Filip Bošković
Single-molecule, single-cell native transcriptomics with nanopores and RNA origami codes
Keywords: RNA origami, designed RNA codes, nanopore microscopy, native target transcriptomics.
In my thesis, I implemented physical approaches to studying biological systems using DNA/RNA origami technology and nanopore microscopy.
DNA origami is a self-assembly technique, where DNA is used for building, rather than for storing genetic information. It employs long single-stranded DNA molecules as scaffolds, which are folded into specific shapes using short, complementary DNA sequences. The resulting DNA nanostructures have a wide range of potential applications in biotechnology, including drug delivery, molecular sensing, and data storage. RNA origami is a similar technique that uses RNA molecules instead of DNA to fold into precise three-dimensional shapes.
RNA is an omnipresent molecule in living systems that governs numerous functions in the cell. It has also found a critical role in RNA vaccines and therapeutics. Herein, we reshaped RNA to designed RNA codes(RNA:DNA duplexes) by using complementary DNA sequences. With subnanometer precision, I placed structures that enabled their identification with nanopore microscopy. Nanopores are tiny holes in a membrane or a solid-state material that are only a few nanometers in diameter. When a molecule passes through the nanopore, it creates a change in the electrical current (some of the ionic current is blocked). Such changes can be measured and used to identify the different RNA codes.
In my PhD I employed these RNA and DNA codes to identify and study native RNAs [3]. Studying the native RNA diversity without the use of amplification or enzymes is important because it allows for a more accurate and representative analysis of RNA molecules in their natural state. Amplification methods such as PCR introduce biases and artifacts that can distort the original RNA profile, leading to incorrect conclusions about gene expression levels, alternative splicing events, and RNA modifications. In addition, enzymatic treatments, such as reverse transcription, can alter RNA integrity and introduce technical variability, making it difficult to distinguish between genuine biological signals and experimental noise. By studying the native RNA transcriptome, we can avoid these potential pitfalls and obtain a more reliable and comprehensive understanding of the RNA landscape in different cell types, tissues, development stages, and disease states.
We demonstrated native target transcriptomics in human cervical cancer total RNA by making RNA codes for different RNA structural variants, or isoforms, for genes of interest. Multiplexed identification is enabled by our RNA codes. We designed 10 unique current structural (pseudo)colours enabling the assembly of 10 billion RNA codes i.e., 10 billion RNA molecules simultaneously.

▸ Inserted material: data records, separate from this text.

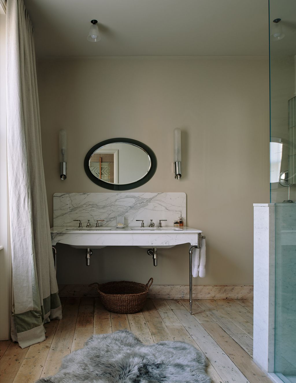 The first floor is given over entirely to the main bedroom, with a generous bathroom at the front and a study to one side. In the bathroom are bespoke wardrobes created from artdeco glass panels rescued from Unilever House, EC4, set within a linen-upholstered framework, and finished in reclaimed iroko hardwood. There are also salvaged elements in the bathroom on the second floor: its Crittall doors, with their original paintwork, enjoyed a former life at the London School of Economics. Even the bath surround is in reclaimed iroko wood – though the vintage-looking tiles above it are actually a modern design by Emery & Cie.
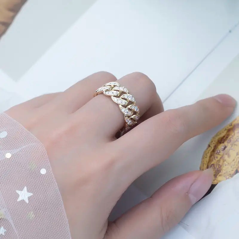 This statement piece features a chain-link design, each polished link meticulously set with brilliant-cut moissanite stones that shimmer with fire and clarity. The 1.5 carat equivalent moissanite, precision-cut to ideal proportions, scatters rainbow light across every gesture—whether raised in a toast or wrapped around a handwritten love note.
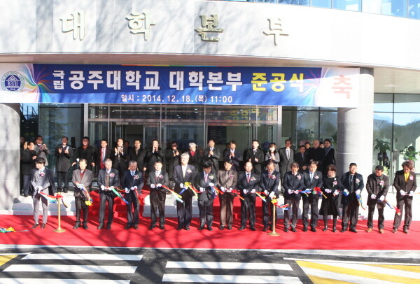 공주대학교(총장 직무대리 김창호)는 18일 공주캠퍼스 대학본부 신축건물 앞에서 김창호 총장 직무대리를 비롯한 200여명이 참석한 가운데 대학본부 이전 신축 준공식 행사를 가졌다.
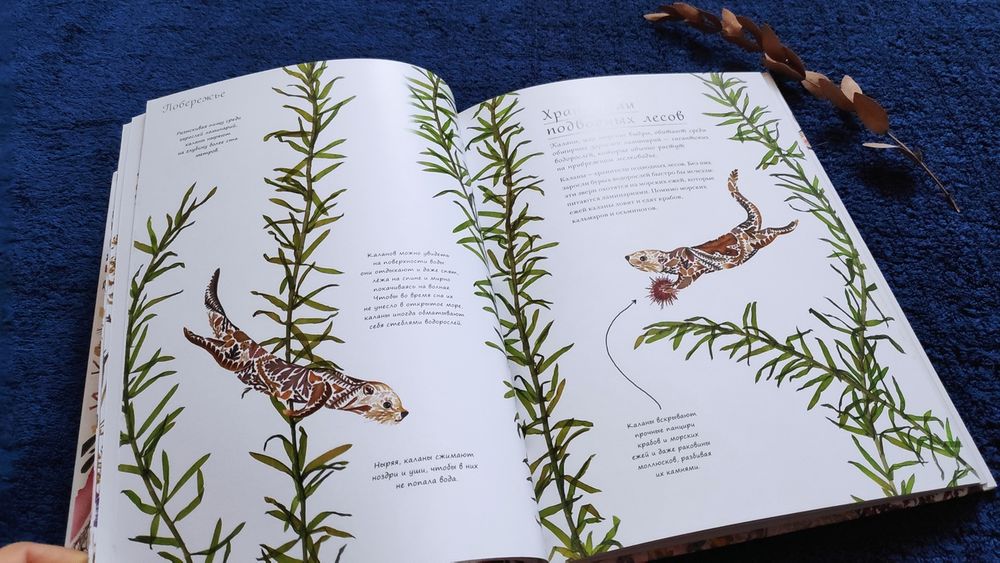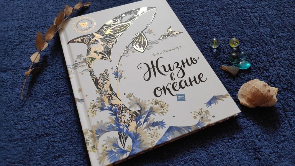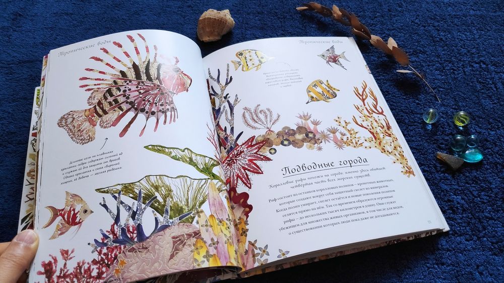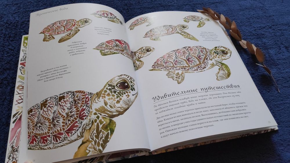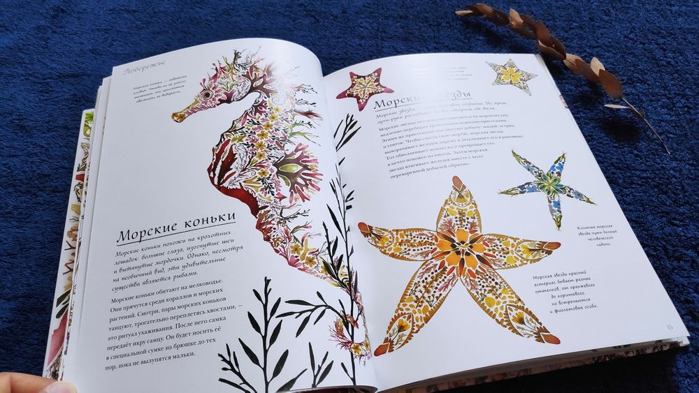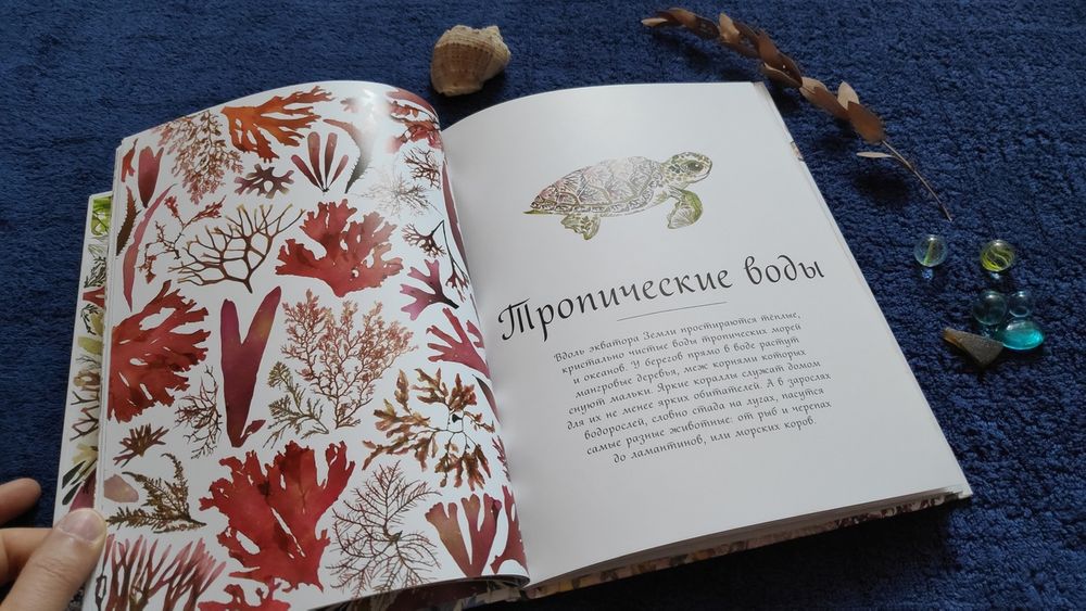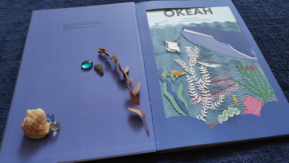 Жизнь в океане - именно книга-украшение в чистом виде. Взята в пару к первой - Год в лесу, после осенних медитаций-релаксаций над ее страницами. Кстати, собранная осенью под впечатлением от книги трава разной степени мохнатости так и прессуется в газетах под книжными стопками. Можно отложить в сторону мысли о картинах с травяными зайцами и цаплями и начать мечтать о черепахах с акулами. Сена на всех хватит, однозначно. Куда хуже обстоят дела с временем и терпением...
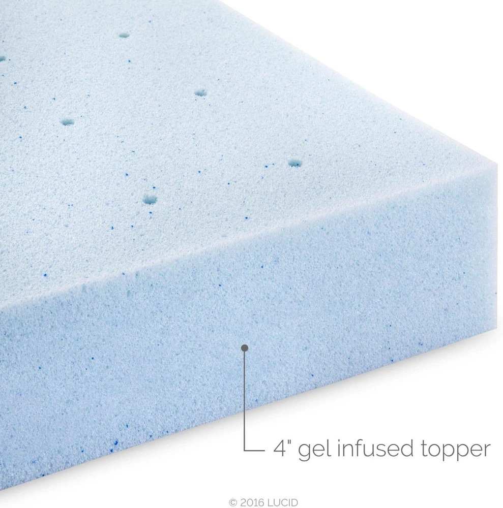 You may also like Mattress Topper 2 Inch Gel Infused Memory Foam Plush Feel Cooling Queen Size 59.84 USD 62.99 USD Free shipping 5% off 2 Inch Gel Infused Memory Foam Mattress Topper Plush Feel Cooling King Size Dorm 79.79 USD 83.99 USD Free shipping 5% off 3 Inch Lavender Infused Memory Foam Mattress Topper Ventilated Design Twin Size 44.88 USD 47.24 USD Free shipping 5% off 2 Inch Gel Infused Memory Foam Mattress Topper Plush Feel Cooling Twin Size 44.88 USD 47.24 USD Free shipping 5% off 4 Inch Gel Memory Foam Mattress Topper, Ventilated Design, Ultra Plush, CertiPUR-US Certified, Twin XL, Blue Color Blue Size Twin XL Fabric Type Memory Foam Special Feature Gel Memory Foam About this item Memory Foam PLUSH MEMORY FOAM FEEL: Add 4 inches of thick, plush gel memory foam to your bed to create a soft and conforming feel that cradles your body while you sleep COOLING GEL INFUSION: Contouring memory foam is infused with gel material that captures and dissipates heat for a cooler memory foam experience DESIGNED FOR BREATHABILITY: This thick topper provides maximum comfort and softness without sacrificing breathability. A ventilated design improves airflow so you can sleep cool and comfortable ELEVATED PRESSURE POINT RELIEF: Upgrade your old mattress with this memory foam topper that distributes weight evenly and conforms to your curves for targeted pressure point relief SHIPS IN A BOX: Rolled and shipped in a box, this topper meets the highest safety standards; just open it and give it 24-48 hours to decompress and shed the new foam scent;

The results have profound importance in studying gene expression in complex biological samples, diagnostics of viruses and even their viral variants in patient swabs, and even the fundamental understanding of molecular transport. It paved the way for studying native ‘RNA makeup’ including RNA quantity, structure, dynamics, and their RNA-protein interactions at the single-molecule, single-cell level.
The cornerstone was to implement quantitative, physical approaches to understanding biological systems. My PhD was a concoction of physics and mathematics (nanopore electrical systems, guided origami, barcoding) aimed towards understanding RNA. Herein, I employed RNA codes made by DNA/RNA origami to identify native RNA transcripts. It enabled multiplexed targeting of up to 10 billion RNAs in parallel without need for prior amplification (PCR) or enzymes. This paves the way towards native single-cell transcriptomics.
My method was implemented in many projects, spanning from chemistry to physics and computation modelling, with various biological applications including tandem repeat disorder and infectious disease diagnostics.
Filip's publications
Cavendish Laboratory
Prof Ulrich F. Keyser Lab
Figure legend: A method has been developed to identify RNA transcript isoforms at the single-molecule level using nanopore microscopy. Here, target RNA is refolded into RNA codes with designed sets of short, complementary DNA strands. Each reshaped molecule carries a unique sequence of structural (pseudo)colours named RNA codes. RNA codes are electrically readout using nanopore microscopy. RNA codes enable the identification and quantification of up to 10 billion RNAs in native transcriptome.